This story, even if apocryphal, marks an early episode in the long, strange and mostly unsuccessful history of xenotransplantation—the practice of introducing animal tissues and organs into humans. Yet after hundreds of years of failure, modern medicine may finally be close to solving the transplant problem. The need has never been greater.
At any given moment, some 89,000 patients in U.S. transplant centers require an organ, according to the United Network for Organ Sharing; many die waiting. And the list grows daily. So scientists dream of organ farms and an endless supply of healthy hearts, kidneys, livers and lungs. It is a vision David Sachs has been pursuing for more than 30 years. But bridging the species barrier has been harder than he expected. As a young immunologist at the National Institutes of Health in the 1970s, Sachs was aware of efforts to use chimpanzee kidneys to save the lives of patients with advanced renal failure. But to Sachs, the ideal cross-species donors were pigs, not primates.
Despite the close genetic similarity between chimpanzees and humans, pigs offer the advantages of being plentiful, fast-breeding and easy to keep.

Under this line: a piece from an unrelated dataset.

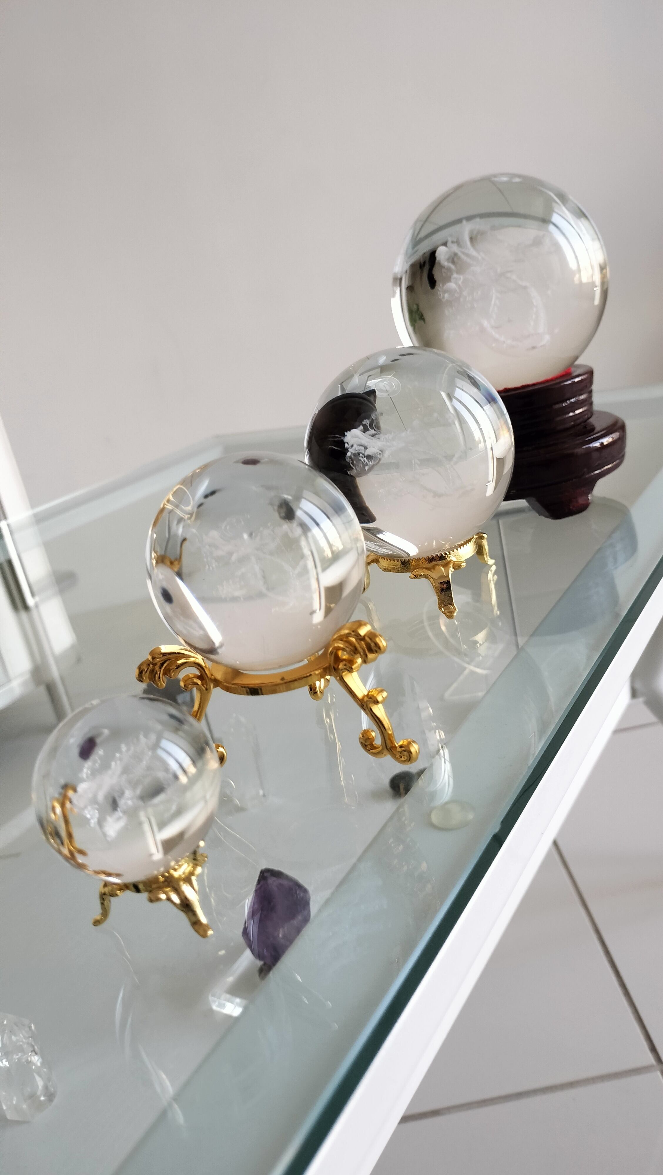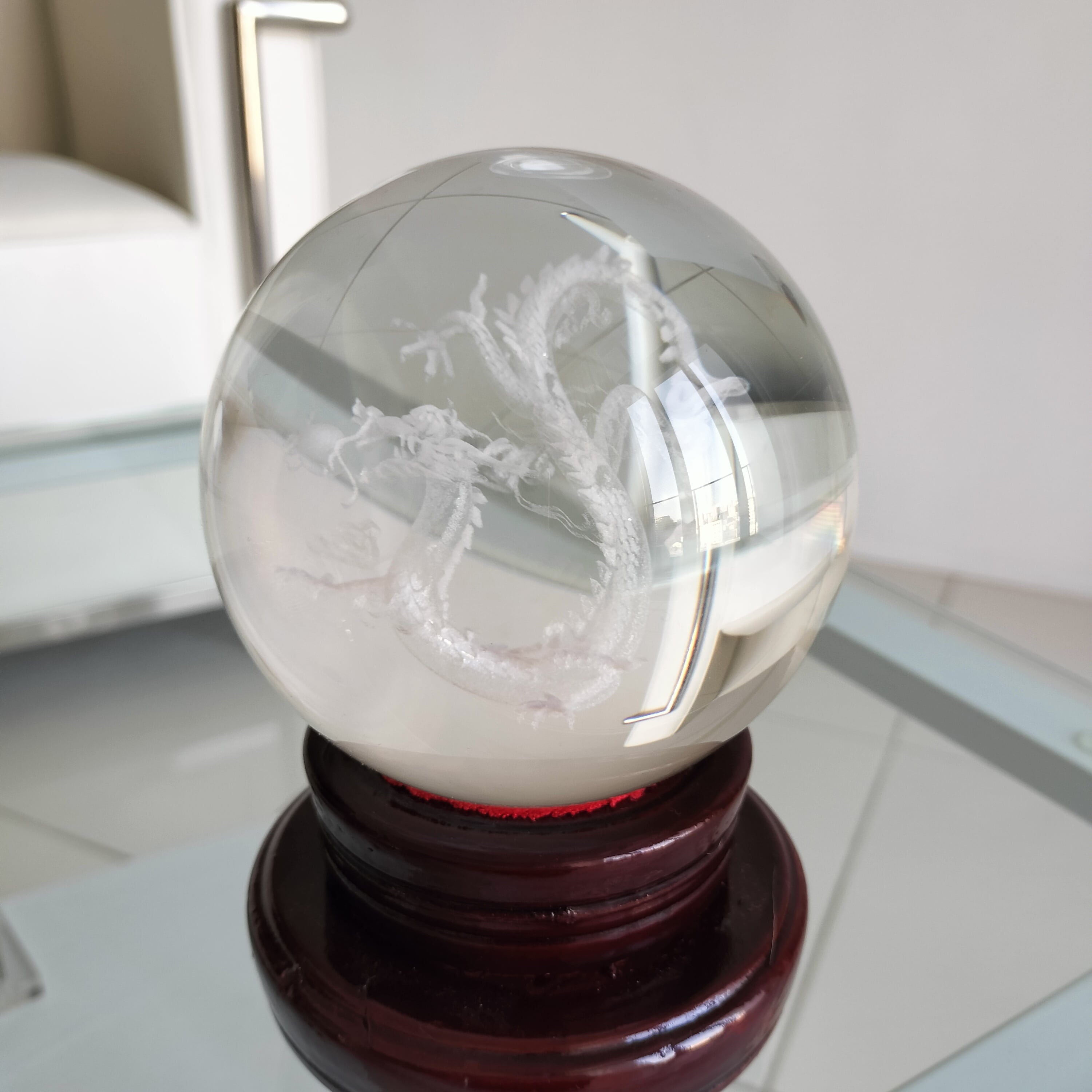 レーザーで彫るため素材はガラス珠となりますが、3Dで彫られた龍は精巧で、まるで丸珠の中に龍が飛翔しているかの様

Their hearts, kidneys, lungs and livers are about the same size as human organs. And while there would be ethical objections to using humans’ close primate relatives as organ donors, it seemed to Sachs that few would mind using pigs, millions of which are butchered annually for bacon.
Scientifically, though, there are issues. Over millions of years, human beings have evolved a system of immunological defenses exquisitely adapted to repel foreign invaders. The same system that identifies and destroys bacteria and viruses also attacks any other living matter the body recognizes as "nonself." Pigs are certainly nonself.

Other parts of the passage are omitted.